Association between redox imbalance, pterin metabolism markers, and early extrapyramidal side effects of antipsychotics in schizophrenia: pilot study

Antipsychotics (AP) administration in schizophrenia patients is associated with several side effects (SE), in particular, with extrapyramidal (EP). Data suggests that oxidative damage to dopaminergic neurons in the EP system may be related to tardive dyskinesia and Parkinson's disease (PD) development, although data on the role of oxidative stress in the development of early EPSE of AP is lacking. Another poorly studied hypothesis of the EP-symptoms pathogenesis considers disorders of folate (pterin) metabolism.

Objective: to evaluate the relationship between redox imbalance and pterin metabolism with the severity of early EPSE caused by AP used in the schizophrenia treatment.

Patients and methods. The study included 50 patients with the first episode of schizophrenia. EP symptoms were evaluated using the UKU Side-Effect Rating Scale (“UKU-SERS-Clin” version). The levels of reduced glutathione (GSH), superoxide dismutase (SOD), catalase (CAT), malondialdehyde (MDA), aldehyde-2,4-dinitrophenylhydrazone, ketone-2,4-dinitrophenylhydrazone were assessed in blood plasma; levels of BH4, folate, cobalamin (vitamin B12), and homocysteine – in blood serum; superoxide dismutase (SOD) and catalase activity – in erythrocytes.

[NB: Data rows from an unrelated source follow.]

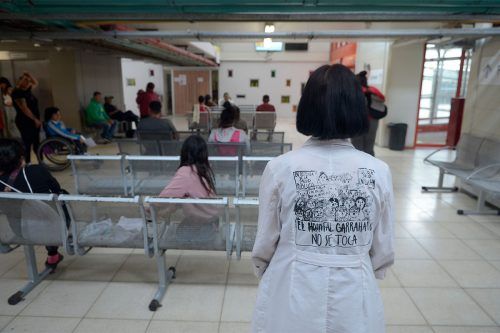 Emilce Correa Louzao es técnica de laboratorio y trabaja hace 13 años en el hospital que la formó. En la espalda de su guardapolvo lleva una de las viñetas que realizaron artistas en solidaridad con el reclamo laboral. “El Hospital Garrahan no se toca”, dice la obra de la ilustradora y activista Ro Ferrer. “A la mañana hago extracciones y ahora que tengo la estampa en el guardapolvo todos los padres me hacen comentarios. Me sacan fotos, me dicen que hay que pelear. No hubo ni una crítica negativa frente a nuestros reclamos. Entienden que estamos para defender el hospital”.
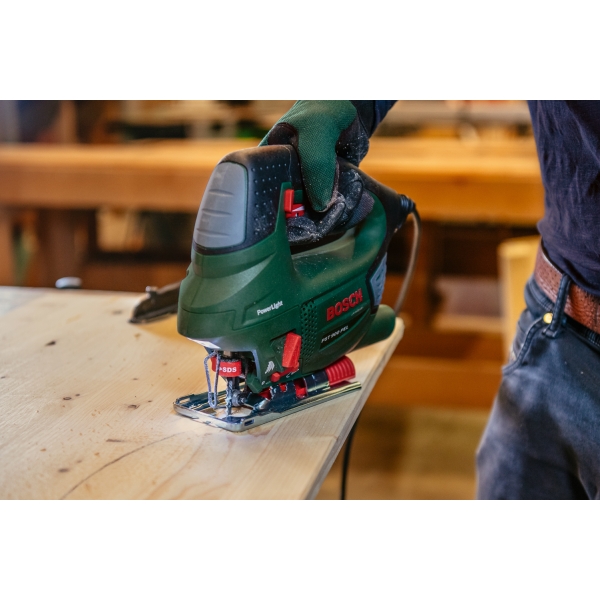 - Utilizare foarte confortabila datorita sistemului SDS bosch, de schimbare rapida a panzei de fierastrau cu o singura mana si fara a fi necesare chei.
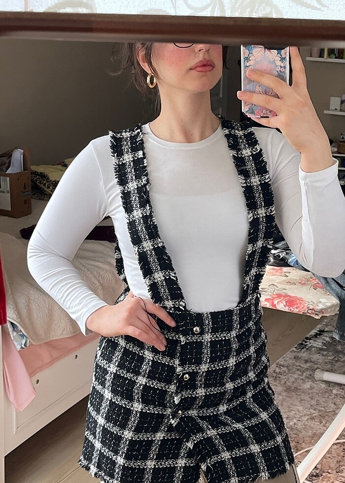 siyah ekoseli salopet
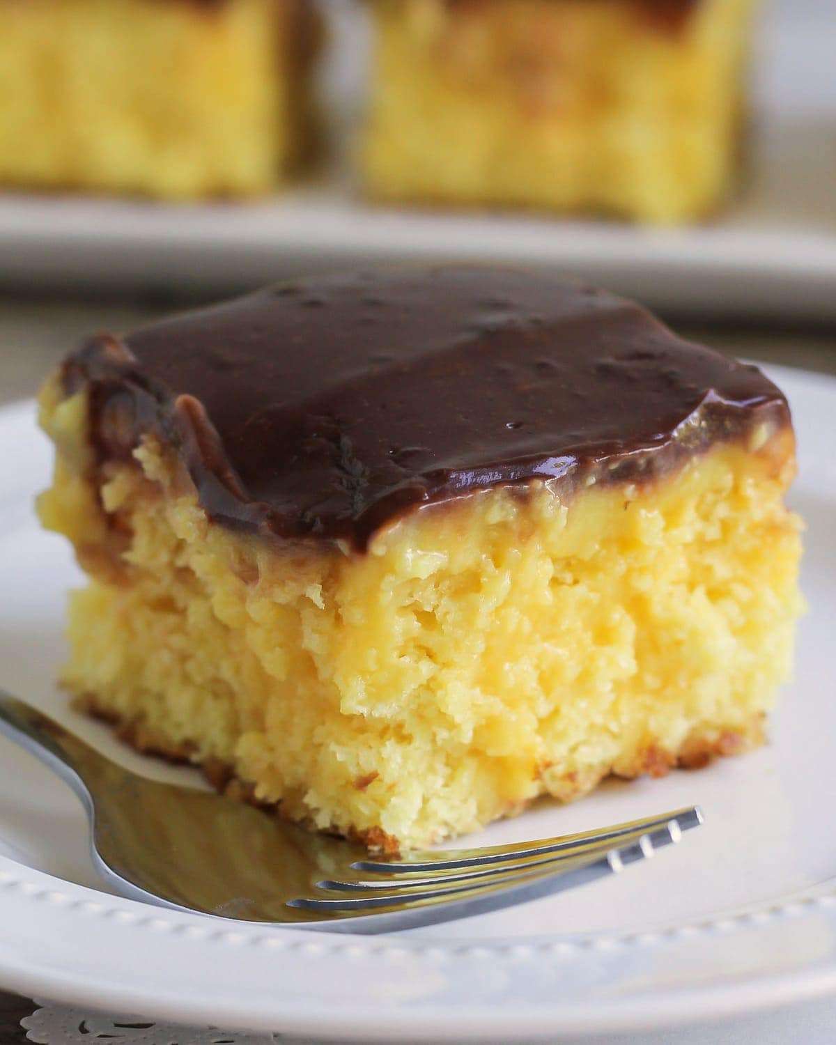Everything you love about Boston cream donuts and pies, in the form of a cool and creamy pudding poke cake!
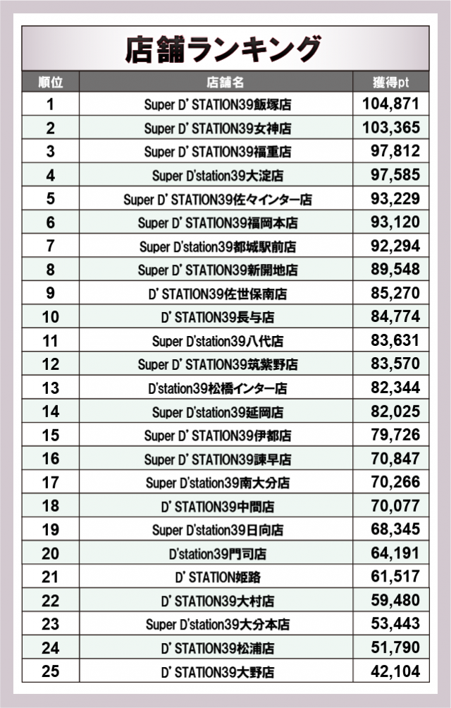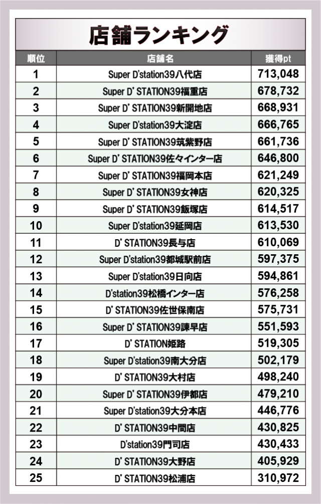 ※『獲得pt』は差玉ではなく独自算出によるポイント数です。
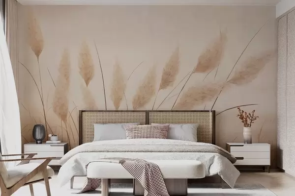 Murais de parede Erva-dos-pampas bege suave no campo Nr. w09324
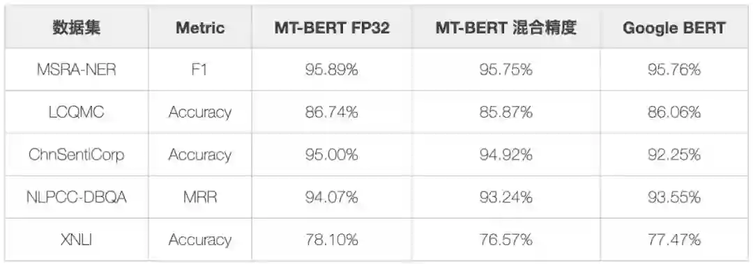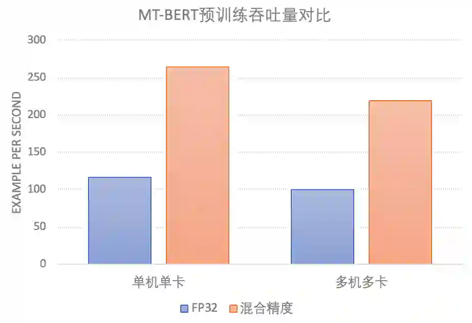 为了提高预训练效率,我们在MT-BERT预训练中采用了混合精度训练方式。
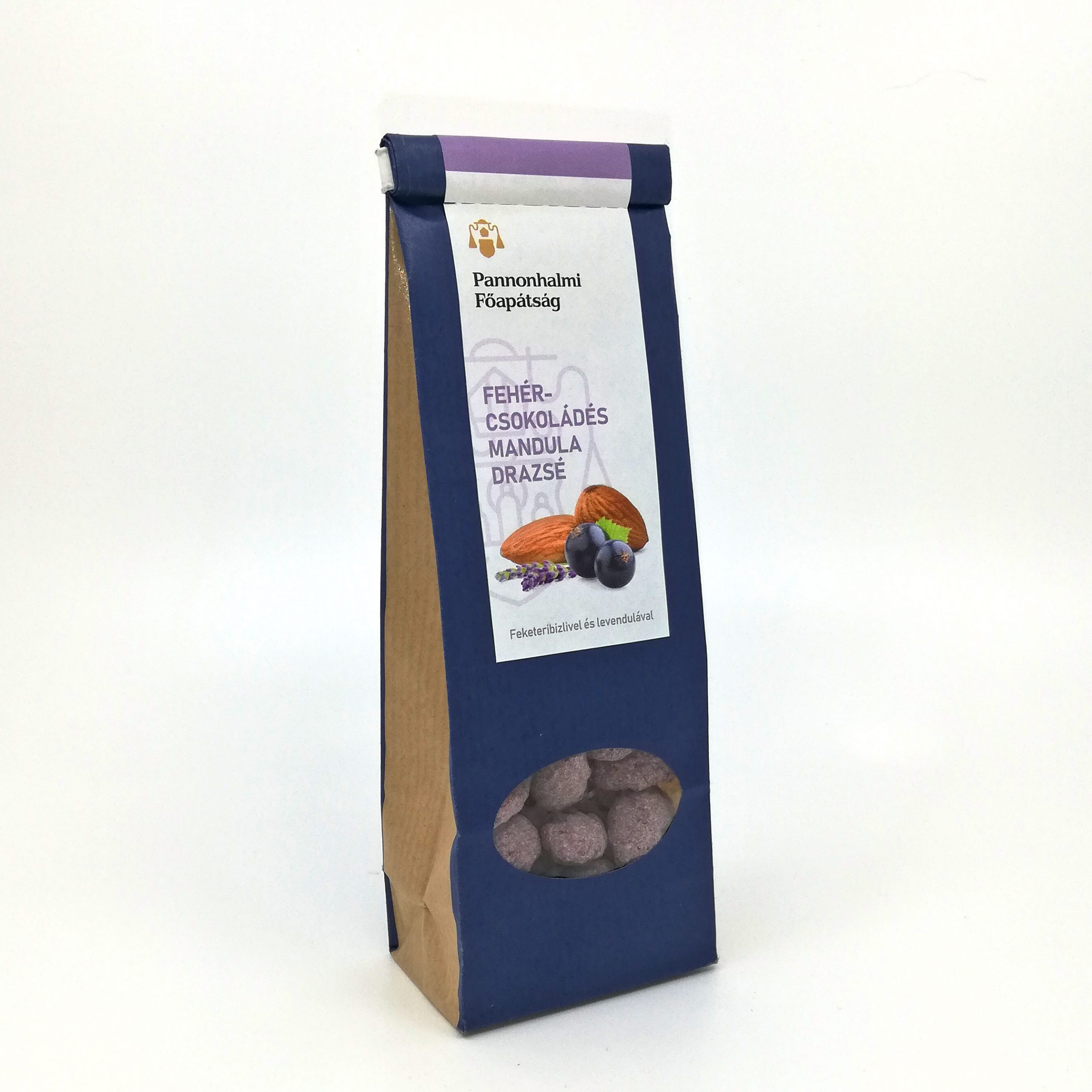 Feketeribizlis fehércsokoládéba mártott pirított mandula. A Pannonhalmi Főapátság és a Harrer Csokoládémanufaktúra drazsékülönlegessége
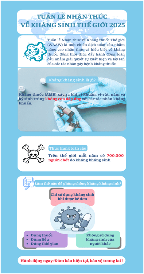 Tuần lễ nâng cao nhận thức về kháng sinh là dịp để mỗi người dân nâng cao hiểu biết, sử dụng thuốc một cách có trách nhiệm, tuân thủ chỉ định của bác sĩ, và lan tỏa thông điệp “Sử dụng kháng sinh đúng cách – bảo vệ sức khỏe cộng đồng”. Chung tay hành động hôm nay chính là cách thiết thực nhất để bảo vệ hiệu quả của kháng sinh, giữ gìn sức khỏe cho bản thân, gia đình, cộng đồng và các thế hệ mai sau.

Results and discussion. EPSE severity was inversely proportional inversely proportional to the GSH level and directly proportional to the SOD activity. EPSE severity was also associated with AP selectivity, but not with their dosages. However, AP selectivity was not associated with studied biochemical parameters. MDA level in patients prescribed with amantadine was lower than in other participants.

Conclusion. Early AP-induced EPSE were associated with redox imbalance, which indicates the necessity for further research aiming at prevention of secondary neurodegenerative diseases in patients with schizophrenia receiving AP.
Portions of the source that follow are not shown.